Monday 17 October 2011

Should I or shouldn't I?

So, Frank (my other half) is somewhat intrigued at this whole 'blogging malarkey!'  His question to me...."can I read it then?".  I don't know the answer.


I've already divulged to you, that this blog is a selfish mechanism, I need to be honest and true to myself and to you, that reader, looking through the glass at these words.  I need to heal.  I need to take this journey but do I end up as a butterfly by keeping Frank away from my cautious steps along this journey, or do I let him in?


These words may not mean much to you or to Frank but they are in fact an insight into my soul.  Each word I type is a step along my journey.


Whilst Frank and I have no secrets (any more), it is important to admit to ones self that you do not make all your feelings all of the time known to your other half.  It's sometimes not necessary, worth it or even fair - so do I share this with him or do I take the road of selfishness?

What happens if I want to post something that may not meet Frank's personal opinion?  That pinches those feelings of his or makes him question me?  You could say that Franks view will help me tread some of those difficult steps.  But what if I decide to skip some of those steps so that he doesn't get hurt - then it defeats the object of my open, honest and necessary journey.

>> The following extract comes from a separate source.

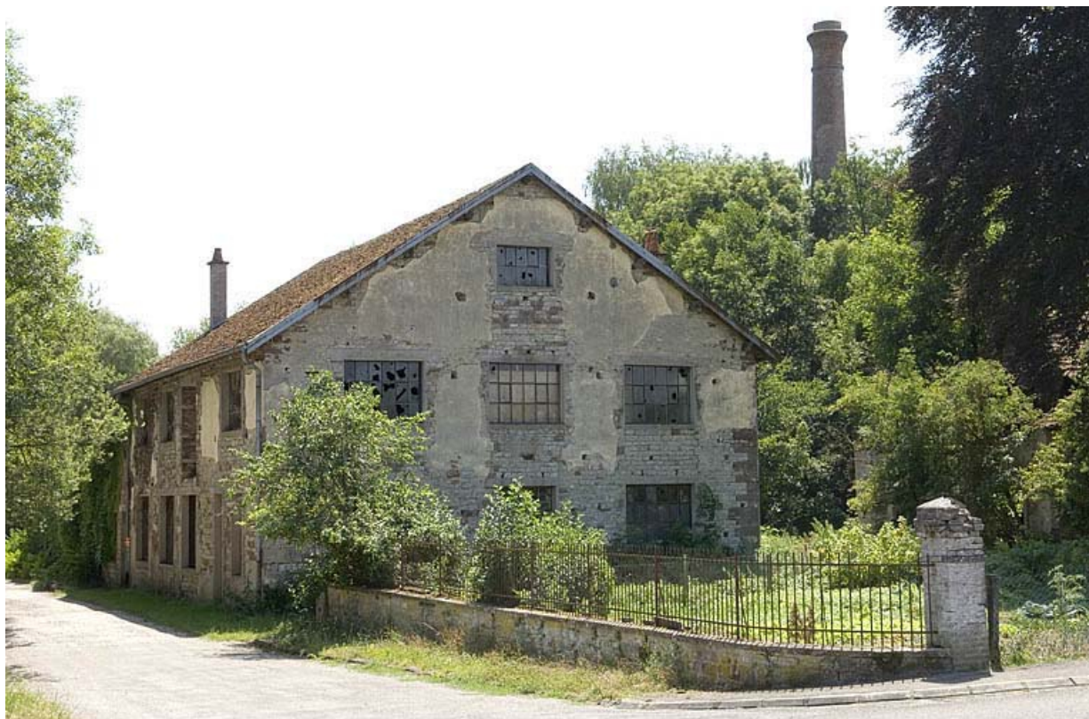
Vue d'ensemble depuis l'entrée.

So the question remains, "Should I or shouldn't I" let him read on?

1 comment:

  1. The eternal question!

    My other half (lovingly known as He who helped create them) reads my blog and occasionally comments which is weird. In some ways it is nice as he gets to see stories about the kids etc and in other ways it reduces the need for conversation.

    On highly personal stuff that he knows I have written for myself he doesnt talk about it but I tend to get a bigger cuddle that night!

    If he does read it I am sure he will enjoy it!